Of course, there are many factors that you may want to consider in determining the fate of your applications, so the example above is just that – an example – but it does provide good insight since it is based on an actual customer situation. As you will see below, several of the metrics we use to assess business value, technical value and risk are calculated from the structure of your architecture. This really shows the power of using models as a basis for your analyses, something you would never be able to do using simple spreadsheet calculations.
1. Business value
Let’s start with business value. In Figure 7 we see how the business value metric is constructed as a weighted average of several sub-metrics:
Strategic importance, determined by calculating an application’s contribution to business outcomes via the business processes it supports, the capabilities it enables, and the business goals these satisfy. This can be done in various ways, from high-level assessments that only determine whether an application has any influence on an outcome, to fine-grained calculations with weighted priorities on goals and strength attributes on relationships.

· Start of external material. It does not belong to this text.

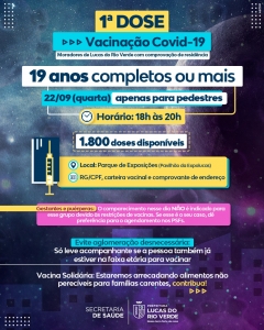 Lucas do Rio Verde convoca para PRIMEIRA DOSE pessoas de 19 anos completos ou mais para a vacinação contra a Covid-19. A ação será nesta quarta-feira (22), das 18h às 20 horas, no Parque de Exposição (Pavilhão da Expolucas), com acesso apenas para pedestres.
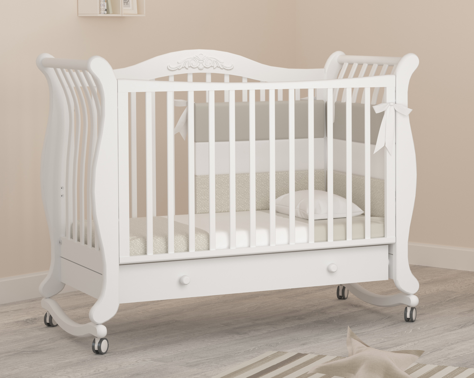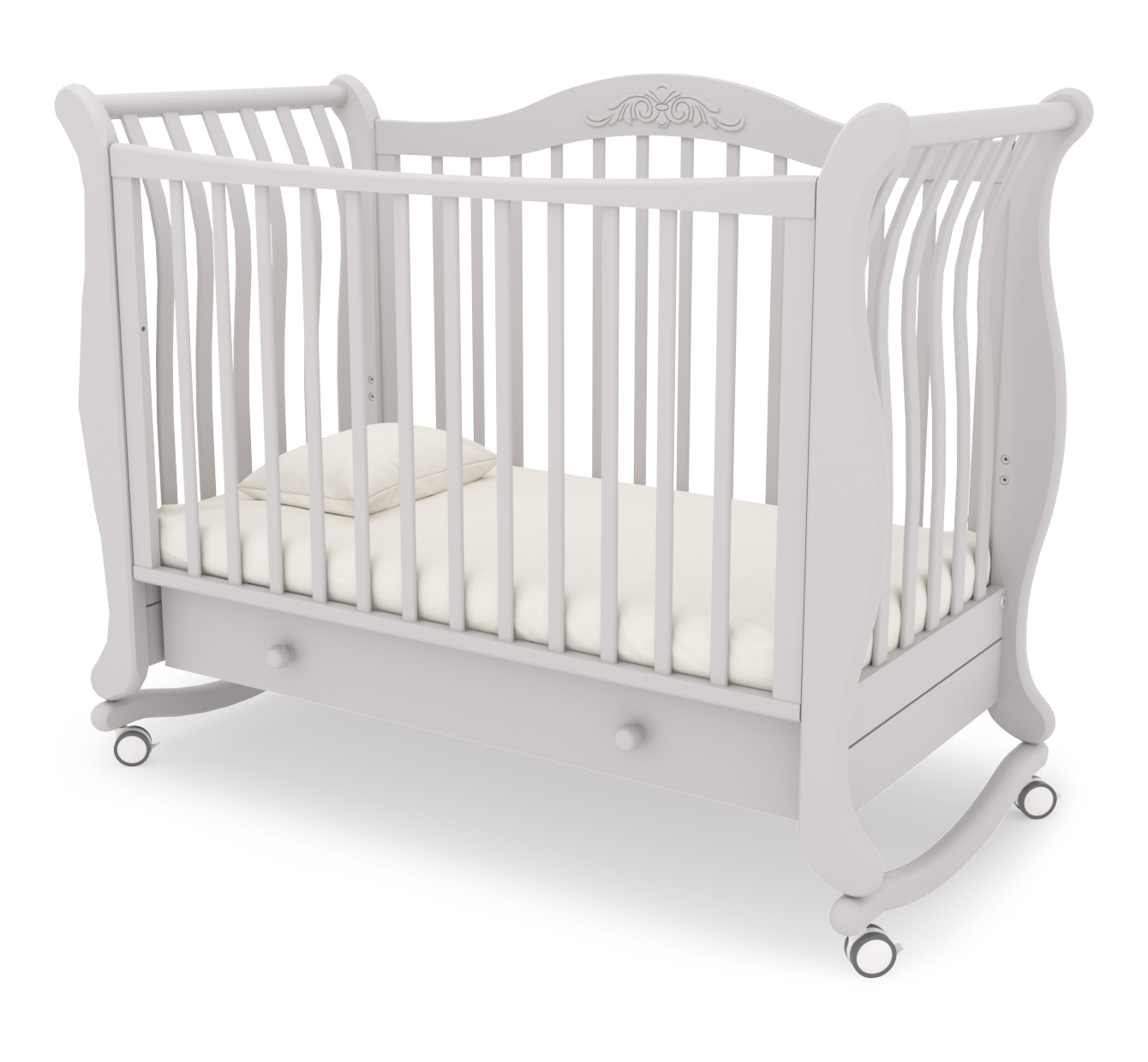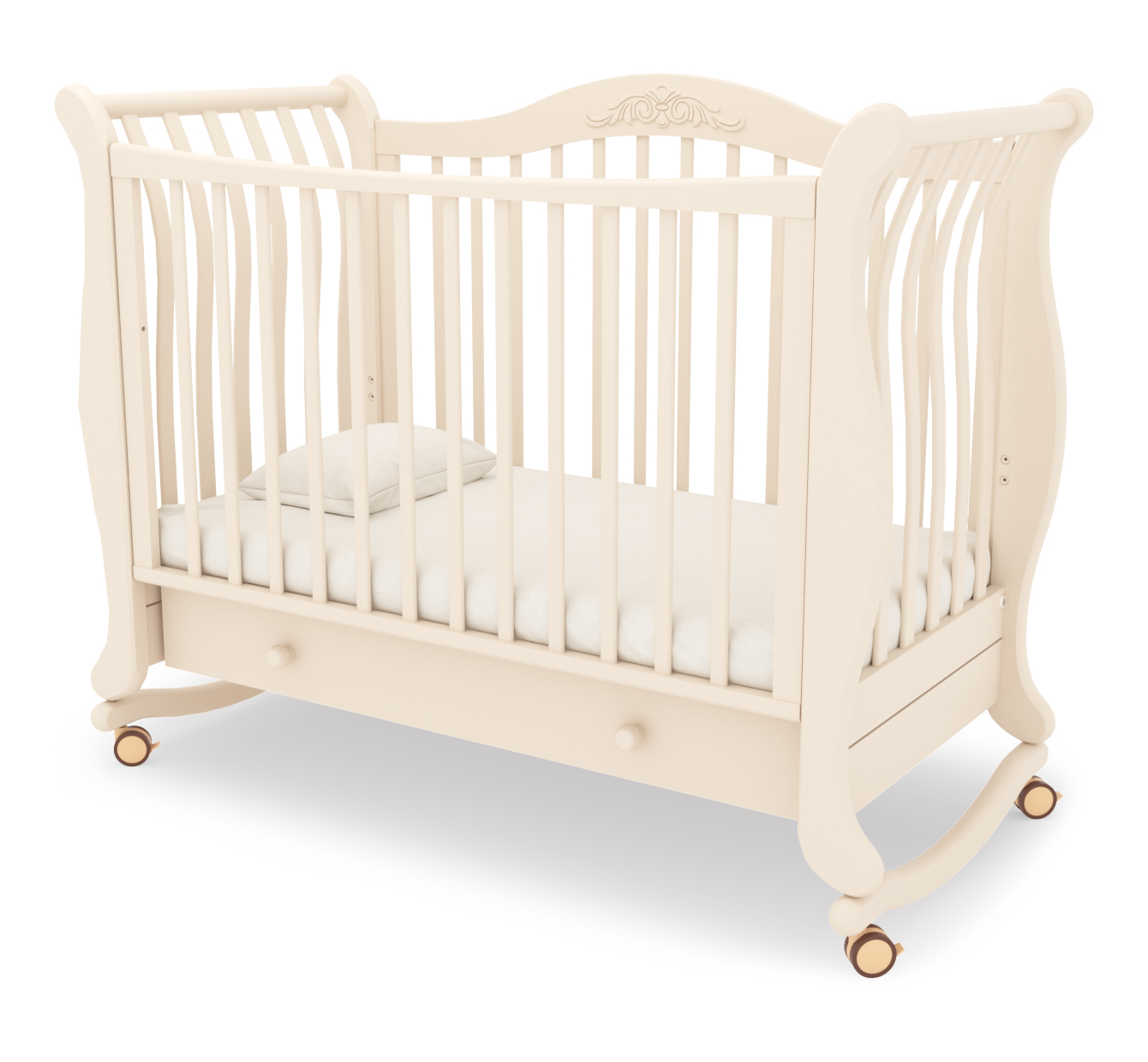 Гандылян Габриэлла (колесо-качалка, ящик) – красивая и элегантная кроватка-качалка для малышей до 3-х лет. Такая кроватка максимально обеспечит безопасность малыша, ведь в ней используются только качественные и натуральные материалы, в ней нет острых углов и опасных для малыша мест. Колыбелька раскачивается очень плавно и может быть задействована даже малышом. Но, правильно распределенный центр тяжести, не позволит кроватке перевернуться, поэтому вы можете не переживать за малыша. А когда колыбелька с полозьями станет не актуальной, на кроватку можно надеть колесики со стопорами.

Importance for users is itself a weighted average of the number if effective users (those who use an application for their daily work) and the potential users (those that can use it but don’t need it, who get a much lower weight of course). Both these numbers are imported from an external source (in this case an ITSM application). The result is normalized into a [0,10] range.
Business criticality, determined by counting and normalizing the number of business-critical processes supported by that application, where process criticality itself is another metric applied to the business processes in the architecture. This metric is calculated with a script, traversing the model structure to find all the processes directly or indirectly supported by an application and taking the maximum of their criticality metric.
Importance for other applications, also a scripted metric, based on the number of outgoing relationships (the ArchiMate Triggering, Flow and Serving relationships, plus write access to data read by other applications).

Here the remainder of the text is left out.